約1割の大学生は講義のノートを取らない。予定を手帳などに書く習慣のない大学生は2割強。「書く」ことが習慣化されていない学生が一定数いる。そうした書かない人たちは新聞や本などの文字情報もあまり読まず、日本語の読解能力が劣っていた。
応用脳科学コンソーシアムが東京大学、日本紙パルプ商事、日本漢字検定協会などと共同で、手書きのよさを科学的に検証する目的で発足した「手書き価値研究会」は、大学生、大学院生、短大生を含む18歳から29歳の学生1062人を対象に「書字と読書における使用メディアについてのアンケート」を実施したところ、大学の講義内容を一切記録しない人は10パーセント、日常的な予定を紙または電子機器に一切記入しない人は24パーセントいることがわかった。
また、新聞や雑誌などを普段読まない人は20パーセント。紙の本を読むと答えた人も、1日の読書時間は40分程度だった。紙、電子を問わず専門書や教科書を普段から読むという人も38パーセントにとどまり、同研究会は「高等教育に必要な学習時間が十分に確保されているとは言い難い」と懸念を表している。同時に、新聞、雑誌、本を普段よく読む人は、日常的にいろいろな場面で文字を書く傾向があり、読むことと書くこととの高い関連性が示された。
心配なのは、読まない書かないことによる能力の低下だ。アンケート参加者の読解力を評価するため、日本漢字検定協会の準2級の国語問題を解いてもらったところ、講義のノートを取る人、本や新聞をよく読む人のほうが、それらをしない人にくらべて成績が高かった。このことから、「日常的なメモの取り方や読書習慣は、文章の読解力や論理的な思考力に関係する」ことが明確に示されたという。

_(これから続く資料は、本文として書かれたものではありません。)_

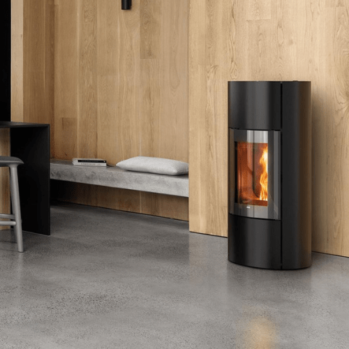 A Salamandra a Pellets Mood Core – MCZ é redonda, com condutas, com tampo em alumínio pintado de preto e laterais em aço bronze ou preto. Dessa forma, o novo design realça e acentua o seu carácter minimalista. Está equipado com dois ventiladores reguláveis de forma independente (ventilação ambiente e conduta traseira). Gestão inteligente da combustão através da tecnologia Maestro+.

じつは、人間の脳の言語野では、入力された言語情報、つまり読んだ文字情報が記憶の参照と想像を経て「構造化」される。構造化されることで、その情報を理解したり推論ができるようになるのだ。さらに、そこから適切な表現で出力、つまり書くこともできるようになる。読むことと書くことは、言語野で連動しているということだ。ここを使わなくなると、文字情報の理解や表現が難しくなる。論理的思考力が低下するわけだ。
今回は大学生を中心とした調査だったが、読み書きの習慣は高校生までの学習経験が反映されていると考えられると手書き価値研究会は指摘している。それより何より、本の面白さを知らずに育つとは、もったいないことだ。